Global Fund and the politics of reallocation

The decision to reallocate substantial resources from existing health services to a narrowly targeted prevention pilot follows the same logic. In a context where eliminating the United States Agency for International Development has already weakened services for at-risk populations, this option does not expand the system and the numbers are inexcusable. Ending AIDS by 2039 will require millions of doses of lencapavir. Current approach set by obsession And the Minister of Health, with Gilead, Global Fund to Fight AIDS, Tuberculosis and Malaria, unitaid And others provide a fraction of what is required.

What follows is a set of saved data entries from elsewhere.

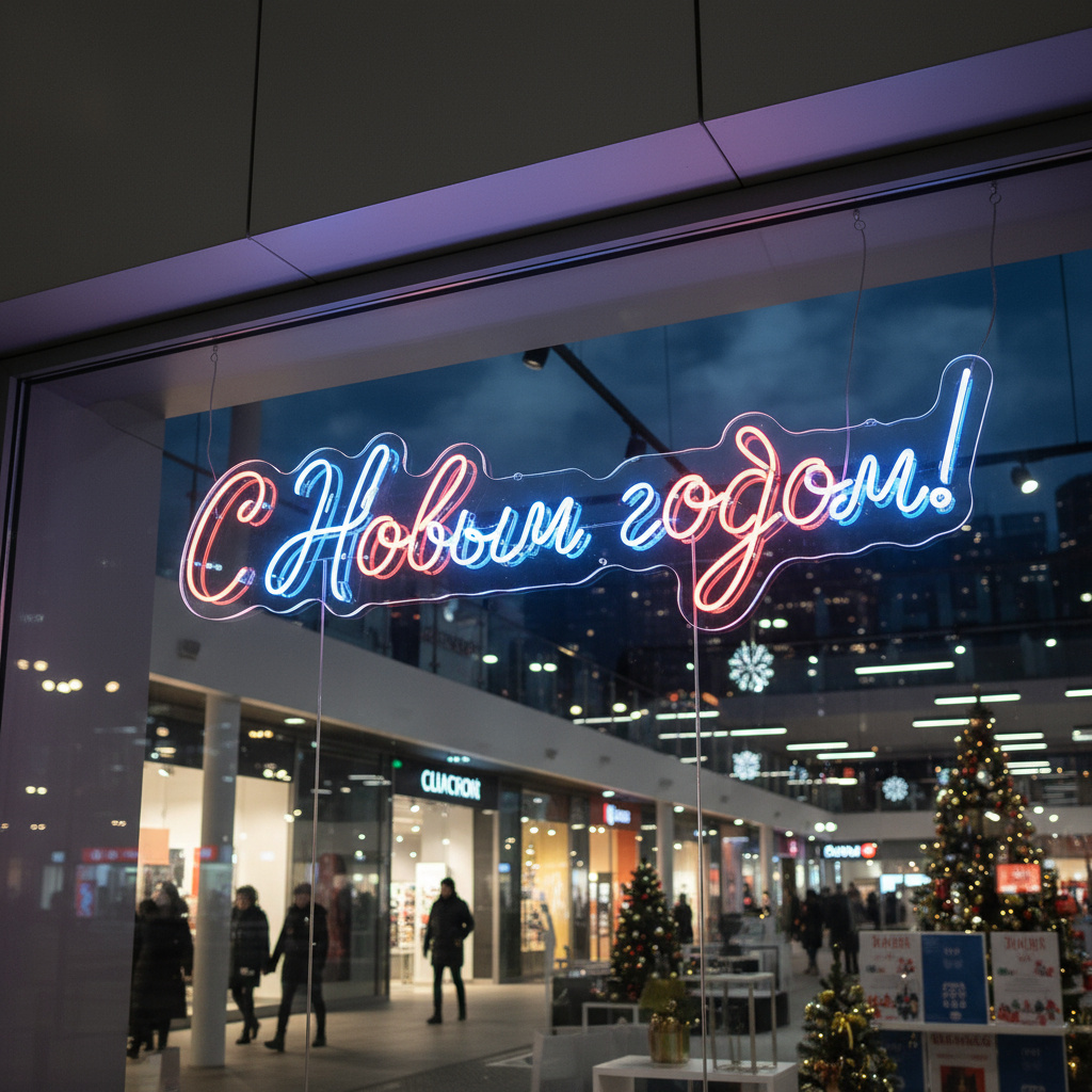Именно неоновые вывески создают то самое ощущение праздника, когда свет превращает обычное пространство в новогоднюю историю. ✨ Атмосфера с первого взгляда.
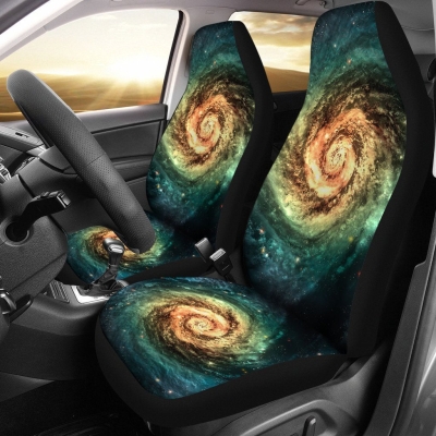 Green Yellow Spiral Galaxy Space Print Universal Fit Car Seat Covers
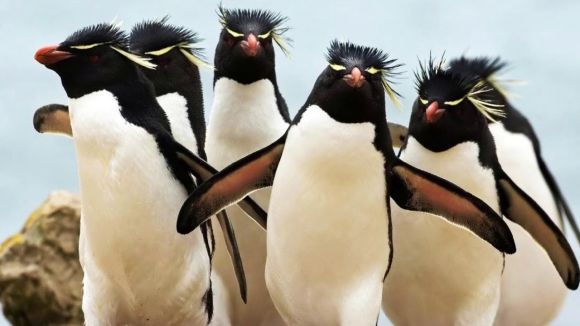 Pinguinii rockhopper sunt pinguini cu creasta. Penele colorate in toate directiile amintesc de generatia punk rock. Spatele si picioarele sunt portocalii, iar ochii sunt de culoare rosie. Sunt cei mai mici pinguini, ajungand doar la 55 cm inaltime. Se intalnesc in jurul Antarcticii, in insulele din Falkland, insulele sub-antarctice de nord .

There is also a risk that policy conversations may be avoided. Restrictive prevention has scientific consequences. Limited supply increases the possibility of running out of stock. Dosing window is missed due to stock out. Missing windows increase the risk of resistance. This is how biology reacts to indecision. The most powerful prevention tool we ever have may be weakened not by failure to invent, but by failure to deploy.

A deliberate decision to continue the global pandemic

Modeling suggests At least two to four million people are needed for effective prevention to stop HIV transmission in South Africa, the epicenter of the global HIV epidemic.

This means that getting lencapavir is Gilead's global goal. three crores People have a sad confession.